For any Backbone subclass, you can run cls.presets.keys() to list all built-in presets available on the class.

Arguments

  • preset: string. A built-in preset identifier, a Kaggle Models handle, a Hugging Face handle, or a path to a local directory.
  • load_weights: bool. If True, the weights will be loaded into the model architecture.

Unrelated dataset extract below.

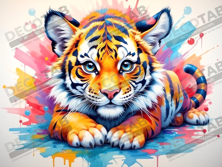 Décliné en plusieurs versions, ce portrait de tigre s’adapte à toutes les ambiances : certaines illustrations mettent en avant une expression contemplative ou douce, d’autres capturent un tigre drôle, excentrique, voire menaçant. Des déclinaisons pastel viennent adoucir les plus exubérantes, tandis que certaines versions intègrent des éclaboussures ou coulures pour accentuer le caractère spontané et artistique de l’image. Ce tableau s'intègre aussi bien dans une déco street art, qu’en touche vive dans un intérieur sobre.

If False, the weights will be randomly initialized.

Examples

# Load a Gemma backbone with pre-trained weights.
model = keras_hub.models.Backbone.from_preset(
    "gemma_2b_en",
)

# Load a Bert backbone with a pre-trained config and random weights.
model = keras_hub.models.Backbone.from_preset(
    "bert_base_en",
    load_weights=False,
)
Preset Parameters Description
efficientnet_lite0_ra_imagenet 4.65M EfficientNet-Lite model fine-trained on the ImageNet 1k dataset with RandAugment recipe.
efficientnet_b0_ra_imagenet 5.29M EfficientNet B0 model pre-trained on the ImageNet 1k dataset with RandAugment recipe.
efficientnet_b0_ra4_e3600_r224_imagenet 5.29M EfficientNet B0 model pre-trained on the ImageNet 1k dataset by Ross Wightman. Trained with timm scripts using hyper-parameters inspired by the MobileNet-V4 small, mixed with go-to hparams from timm and 'ResNet Strikes Back'.
efficientnet_es_ra_imagenet 5.44M EfficientNet-EdgeTPU Small model trained on the ImageNet 1k dataset with RandAugment recipe.
efficientnet_em_ra2_imagenet 6.90M EfficientNet-EdgeTPU Medium model trained on the ImageNet 1k dataset with RandAugment2 recipe.
efficientnet_b1_ft_imagenet 7.79M EfficientNet B1 model fine-tuned on the ImageNet 1k dataset.
efficientnet_b1_ra4_e3600_r240_imagenet 7.79M EfficientNet B1 model pre-trained on the ImageNet 1k dataset by Ross Wightman. Trained with timm scripts using hyper-parameters inspired by the MobileNet-V4 small, mixed with go-to hparams from timm and 'ResNet Strikes Back'.
efficientnet_b2_ra_imagenet 9.11M EfficientNet B2 model pre-trained on the ImageNet 1k dataset with RandAugment recipe.
efficientnet_el_ra_imagenet 10.59M EfficientNet-EdgeTPU Large model trained on the ImageNet 1k dataset with RandAugment recipe.
efficientnet_b3_ra2_imagenet 12.23M EfficientNet B3 model pre-trained on the ImageNet 1k dataset with RandAugment2 recipe.
efficientnet2_rw_t_ra2_imagenet 13.65M EfficientNet-v2 Tiny model trained on the ImageNet 1k dataset with RandAugment2 recipe.
efficientnet_b4_ra2_imagenet 19.34M EfficientNet B4 model pre-trained on the ImageNet 1k dataset with RandAugment2 recipe.
efficientnet2_rw_s_ra2_imagenet 23.94M EfficientNet-v2 Small model trained on the ImageNet 1k dataset with RandAugment2 recipe.
efficientnet_b5_sw_imagenet 30.39M EfficientNet B5 model pre-trained on the ImageNet 12k dataset by Ross Wightman. Based on Swin Transformer train / pretrain recipe with modifications (related to both DeiT and ConvNeXt recipes).
efficientnet_b5_sw_ft_imagenet 30.39M EfficientNet B5 model pre-trained on the ImageNet 12k dataset and fine-tuned on ImageNet-1k by Ross Wightman. Based on Swin Transformer train / pretrain recipe with modifications (related to both DeiT and ConvNeXt recipes).
efficientnet2_rw_m_agc_imagenet 53.24M EfficientNet-v2 Medium model trained on the ImageNet 1k dataset with adaptive gradient clipping.